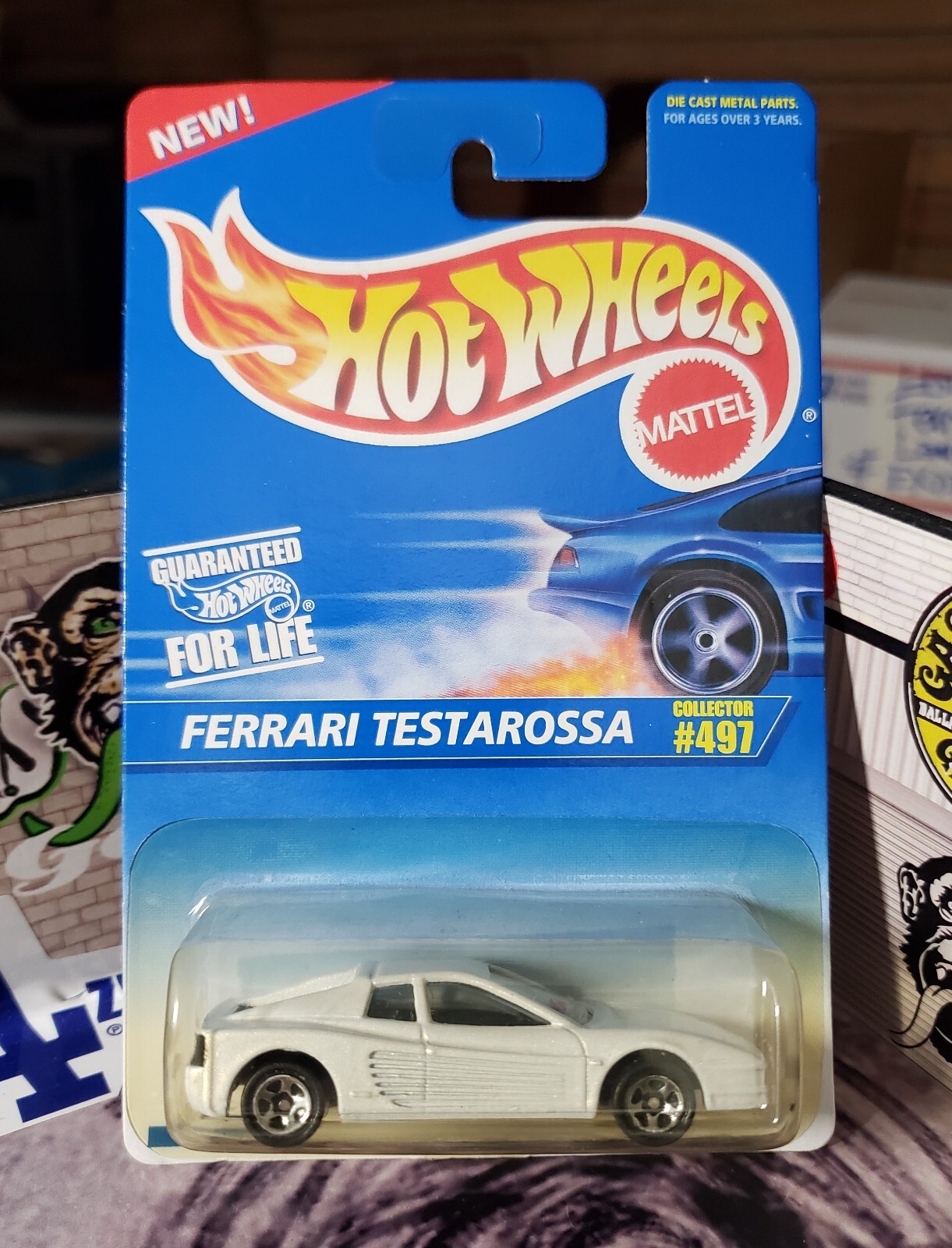 👓Hot Wheels 1996 #497🏁1986 Ferrari TESTAROSSA Pearl White⭐Chrome 5-Spoke CORGI
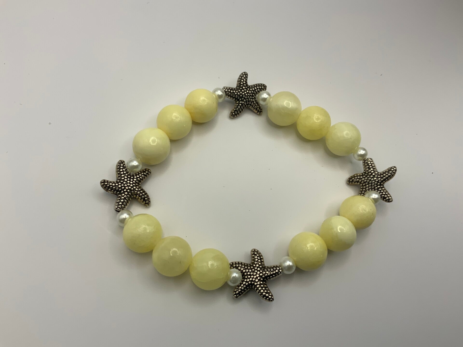 Are you a summer lover? If your answer is yes then you need this bracelet. This fun bracelet features soft yellow beads flanked by antigue metal starfish flanked by two faux pearls. This bracelet is for a size 6 1/2" wrist.
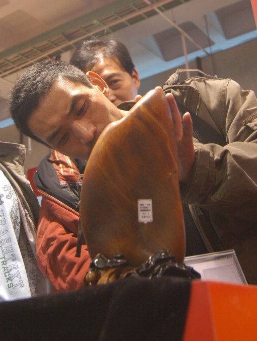 52公斤的和田玉羊脂玉籽料原石成為展會的焦點。該原石高60厘米,寬30厘米,玉質細膩,油潤度佳,沒有經過任何加工,是市面上罕見的重量級珍品。此外,展區一件重1.89公斤,高17厘米,寬16厘米的和田玉籽料觀音也頗受青睞。觀音支膝盤坐,右手握如意,左手撫膝,配花形飾,神態端莊,坐在潮音洞下靜心修煉。主體運用浮雕、鏤空、圓雕等多種雕刻技藝,色雅形美、疏密有致、線面結合,雕刻的十分生動而頗有神韻。同時一并展出的還有碧玉、青玉、墨玉等十多件原石。
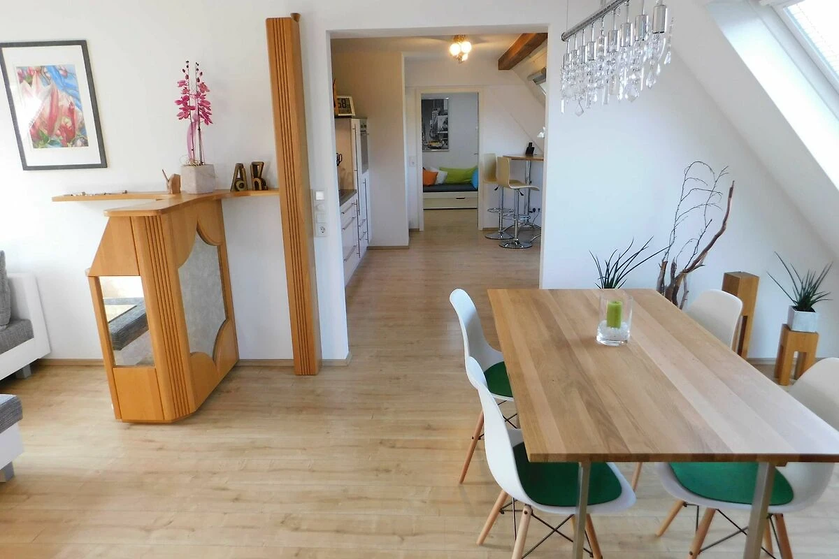 Die Ferienwohnung befindet sich im Dachgeschoss eines Zweifamilienhauses. Die Wohnfläche beträgt ca. 79 qm zuzüglich eines ca. 8 qm grossen Balkons.
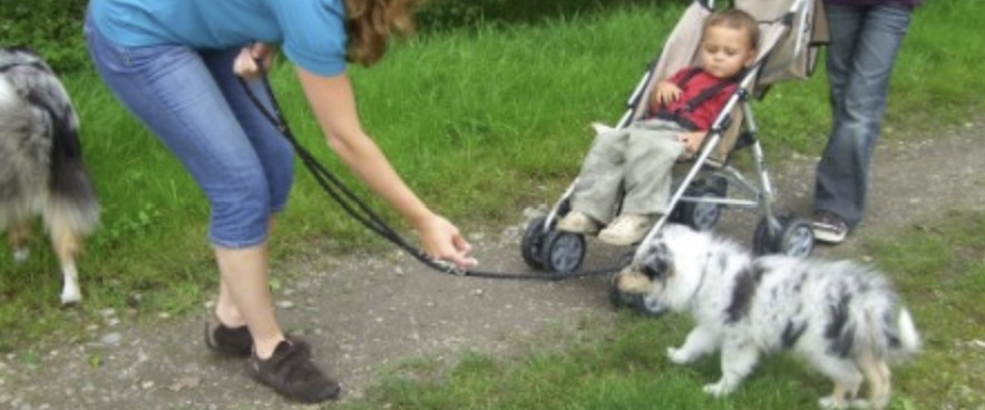 Je nach Impfstatus und Entwicklung ist auf jedem Spaziergang mit den großen Hunden mindestens ein Welpe dabei, mit und ohne Leine, je nach Temperament
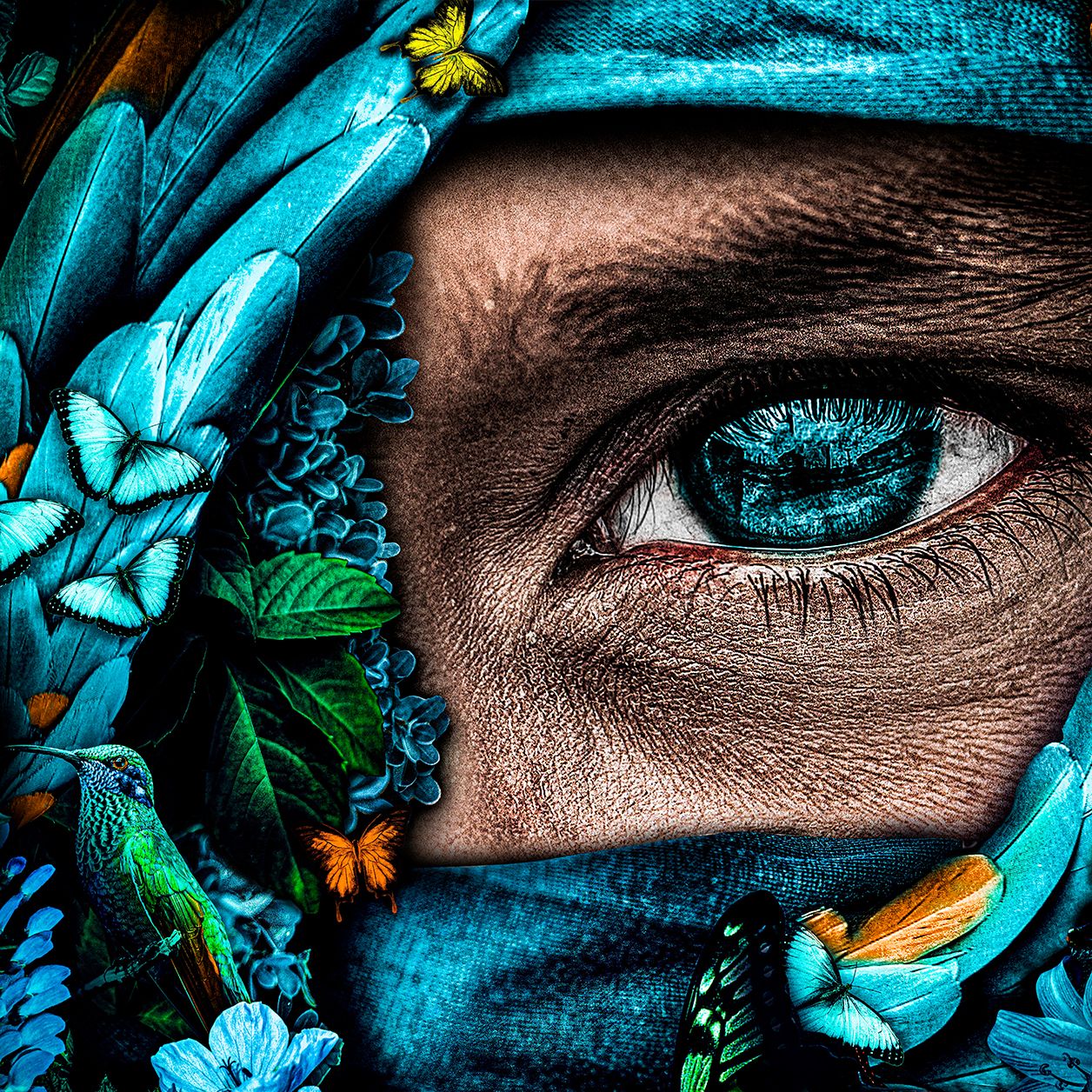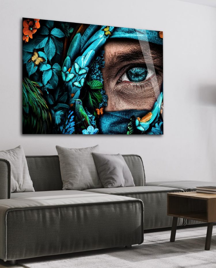 Portretfoto van een mysterieus gezicht met mooie blauwe kleuren, vlinders en bloemen. Wall art van mysterieus portret. Portretkunst op onder andere akoestisch vilt, Dibond of plexiglas met lumineuze kleuren. Donkere kleuren en tinten van blauw en groen maken dit magische fotokunstwerk zeer geschikt voor elke ruimte in de woning. Dit portretschilderij is verkrijgbaar in staand, liggend en vierkant formaat. Neem naast deze portret wanddecoratie ook een kijkje bij de 4 varianten van dit artistieke portret: Mystery I, II, III & IV

**WHAT IS EXPECTED**
Set down every entry above verbatim, without pictures.

**RESULT OF THIS TASK**
 👓Hot Wheels 1996 #497🏁1986 Ferrari TESTAROSSA Pearl White⭐Chrome 5-Spoke CORGI
 Are you a summer lover? If your answer is yes then you need this bracelet. This fun bracelet features soft yellow beads flanked by antigue metal starfish flanked by two faux pearls. This bracelet is for a size 6 1/2" wrist.
 52公斤的和田玉羊脂玉籽料原石成為展會的焦點。該原石高60厘米,寬30厘米,玉質細膩,油潤度佳,沒有經過任何加工,是市面上罕見的重量級珍品。此外,展區一件重1.89公斤,高17厘米,寬16厘米的和田玉籽料觀音也頗受青睞。觀音支膝盤坐,右手握如意,左手撫膝,配花形飾,神態端莊,坐在潮音洞下靜心修煉。主體運用浮雕、鏤空、圓雕等多種雕刻技藝,色雅形美、疏密有致、線面結合,雕刻的十分生動而頗有神韻。同時一并展出的還有碧玉、青玉、墨玉等十多件原石。
 Die Ferienwohnung befindet sich im Dachgeschoss eines Zweifamilienhauses. Die Wohnfläche beträgt ca. 79 qm zuzüglich eines ca. 8 qm grossen Balkons.
 Je nach Impfstatus und Entwicklung ist auf jedem Spaziergang mit den großen Hunden mindestens ein Welpe dabei, mit und ohne Leine, je nach Temperament
 Portretfoto van een mysterieus gezicht met mooie blauwe kleuren, vlinders en bloemen. Wall art van mysterieus portret. Portretkunst op onder andere akoestisch vilt, Dibond of plexiglas met lumineuze kleuren. Donkere kleuren en tinten van blauw en groen maken dit magische fotokunstwerk zeer geschikt voor elke ruimte in de woning. Dit portretschilderij is verkrijgbaar in staand, liggend en vierkant formaat. Neem naast deze portret wanddecoratie ook een kijkje bij de 4 varianten van dit artistieke portret: Mystery I, II, III & IV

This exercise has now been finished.